Но пришла пора, и эти охотники осторожно, маленькими группками стали выбираться из чащи лесов; группки объединялись в банды, потом в целые флоты из восьми, а то и десяти судов. И, наконец, тысячи пиратов собрались на Тортуге и из этого безопасного уголка совершали свои набеги — жужжали, как оводы, над крупом Испании.
И Испания не могла с ними справиться. Пошлют на виселицу десятерых — на смену им приходит сотня новых; приходилось ей укреплять свои города и переправлять сокровища через моря под защитой военных кораблей, на которых плыли отряды солдат. Неистовые пираты разогнали в морях почти все бесчисленные суда испанских колоний. Только раз в год отправлялся на родину флот кораблей с бесценным грузом.

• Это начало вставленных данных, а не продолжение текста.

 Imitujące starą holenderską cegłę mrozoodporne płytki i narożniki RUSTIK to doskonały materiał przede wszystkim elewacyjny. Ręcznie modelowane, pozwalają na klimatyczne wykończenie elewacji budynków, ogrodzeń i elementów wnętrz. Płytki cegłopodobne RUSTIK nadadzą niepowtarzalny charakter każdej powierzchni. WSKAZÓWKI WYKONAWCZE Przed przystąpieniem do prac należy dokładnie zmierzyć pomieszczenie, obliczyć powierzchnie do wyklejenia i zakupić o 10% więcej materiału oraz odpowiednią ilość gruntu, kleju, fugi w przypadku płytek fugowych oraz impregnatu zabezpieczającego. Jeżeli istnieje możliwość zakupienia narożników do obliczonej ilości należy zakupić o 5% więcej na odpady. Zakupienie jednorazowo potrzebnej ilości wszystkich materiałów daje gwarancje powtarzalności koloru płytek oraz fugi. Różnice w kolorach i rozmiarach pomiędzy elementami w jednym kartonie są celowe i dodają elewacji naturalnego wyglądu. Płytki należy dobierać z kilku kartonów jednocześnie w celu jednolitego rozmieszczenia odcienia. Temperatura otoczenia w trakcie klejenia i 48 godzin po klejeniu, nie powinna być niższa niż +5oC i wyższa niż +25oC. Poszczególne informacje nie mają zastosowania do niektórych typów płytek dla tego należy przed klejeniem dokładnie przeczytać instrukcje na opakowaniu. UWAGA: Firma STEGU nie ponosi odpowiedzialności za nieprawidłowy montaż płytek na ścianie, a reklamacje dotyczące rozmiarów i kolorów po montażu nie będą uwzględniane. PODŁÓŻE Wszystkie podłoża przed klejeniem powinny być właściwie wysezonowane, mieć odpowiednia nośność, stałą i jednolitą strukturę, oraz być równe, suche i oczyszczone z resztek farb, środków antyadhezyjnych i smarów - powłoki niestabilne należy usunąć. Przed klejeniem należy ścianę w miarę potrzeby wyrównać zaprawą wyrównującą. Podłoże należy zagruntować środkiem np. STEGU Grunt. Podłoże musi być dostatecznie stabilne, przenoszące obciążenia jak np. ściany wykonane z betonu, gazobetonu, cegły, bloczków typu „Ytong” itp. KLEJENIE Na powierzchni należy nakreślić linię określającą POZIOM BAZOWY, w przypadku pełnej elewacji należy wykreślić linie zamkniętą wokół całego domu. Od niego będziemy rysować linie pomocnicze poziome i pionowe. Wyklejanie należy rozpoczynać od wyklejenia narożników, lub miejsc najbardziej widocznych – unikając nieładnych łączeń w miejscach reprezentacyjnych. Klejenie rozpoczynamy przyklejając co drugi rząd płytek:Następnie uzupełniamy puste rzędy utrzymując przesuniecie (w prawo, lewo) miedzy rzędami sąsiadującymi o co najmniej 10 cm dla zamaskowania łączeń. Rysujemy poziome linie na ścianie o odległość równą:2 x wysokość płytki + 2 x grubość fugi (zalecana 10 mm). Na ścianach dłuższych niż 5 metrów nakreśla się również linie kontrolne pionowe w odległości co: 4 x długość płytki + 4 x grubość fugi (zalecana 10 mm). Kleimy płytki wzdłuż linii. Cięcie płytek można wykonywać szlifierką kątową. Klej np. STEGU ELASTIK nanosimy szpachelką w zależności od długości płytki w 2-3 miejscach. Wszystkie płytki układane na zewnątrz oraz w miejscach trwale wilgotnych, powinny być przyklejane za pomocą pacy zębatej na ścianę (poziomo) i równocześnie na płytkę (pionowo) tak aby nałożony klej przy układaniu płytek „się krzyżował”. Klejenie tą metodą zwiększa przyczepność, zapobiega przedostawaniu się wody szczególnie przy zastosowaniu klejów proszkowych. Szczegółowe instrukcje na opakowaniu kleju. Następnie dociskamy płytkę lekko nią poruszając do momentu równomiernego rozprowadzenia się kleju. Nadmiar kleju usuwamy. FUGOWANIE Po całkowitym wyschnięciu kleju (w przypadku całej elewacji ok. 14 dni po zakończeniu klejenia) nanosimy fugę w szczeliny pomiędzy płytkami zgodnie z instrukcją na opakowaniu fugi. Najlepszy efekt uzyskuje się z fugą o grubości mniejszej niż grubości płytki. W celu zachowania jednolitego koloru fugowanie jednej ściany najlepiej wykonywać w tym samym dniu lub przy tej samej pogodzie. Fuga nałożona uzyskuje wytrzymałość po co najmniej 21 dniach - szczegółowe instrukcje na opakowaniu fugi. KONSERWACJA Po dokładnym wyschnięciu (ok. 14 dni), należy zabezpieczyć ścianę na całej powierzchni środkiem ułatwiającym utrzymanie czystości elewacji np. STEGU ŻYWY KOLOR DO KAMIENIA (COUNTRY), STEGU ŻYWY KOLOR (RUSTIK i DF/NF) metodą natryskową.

Немало громких имен было среди пиратов Братства, они совершали подвиги, которые могли бы заставить Генри Моргана содрогнуться от зависти, не будь он глубоко уверен, что в один прекрасный день затмит их всех.
Был среди них Бартоломео Португалец, захвативший богатую добычу. Но он не успел с нею скрыться — его схватили возле Кампече. На самом берегу построили виселицу. Из своей темницы на борту корабля он смотрел, как ее сколачивают. А ночью, накануне казни, он заколол кинжалом матроса, его охранявшего, бросился в море и уплыл, держась за бочонок из-под вина. Не прошло и недели, как он вернулся на длинной пироге со своими дружками и увел этот самый корабль из кампечской гавани. Правда, вскоре он его потерял, во время урагана у берегов Кубы, но о его подвигах, захлебываясь от восторга, толковали по всем тавернам.
Рош Бразилец был круглолицый моряк родом из Голландии. В свое время португальцы выслали его из Бразилии, откуда и пошло его прозвище. Как ни странно, но он не затаил вражды против Португалии. Он ненавидел только Испанию. Это был добродушный и учтивый капитан; но стоило ему завидеть испанцев, и он приходил в ярость. Матросы его боготворили и всегда пили за его здоровье. Однажды, когда его корабль потерпел крушение у берегов Кастилья де Оро, он истребил почти целый отряд испанской конницы и ускакал со своими матросами на захваченных лошадях. Если поблизости случались испанцы, Рош превращался в дикого зверя. Рассказывали, что однажды он сжег своих пленников на медленном огне.
Когда же сокровища перестали возить морем, пришлось пиратам заняться сушей — они захватывали деревни и даже укрепленные города. Льюис Шотландец разграбил Кампече, оставив от него черные, дымящиеся руины.
Оллонец был родом из Сабль д'Оллона; и скоро он превратился в грозу западных морей. Началось у него все с лютой ненависти к Испании, а кончилось бессмысленной жестокостью. Он вырывал языки и мечом разрубал своих пленников от плеча до пояса. Испанцы охотнее встречались бы с дьяволом в любом обличье, чем с Оллонцем. Одно лишь его имя заставляло всех жителей покидать деревни, лежащие у него на пути. Говорили, что даже мыши убегали в джунгли. Он захватил Маракаибо, и Новый Гибралтар, и Сент-Джемс де Леон. И повсюду он истреблял людей лишь для собственного жестокого удовольствия.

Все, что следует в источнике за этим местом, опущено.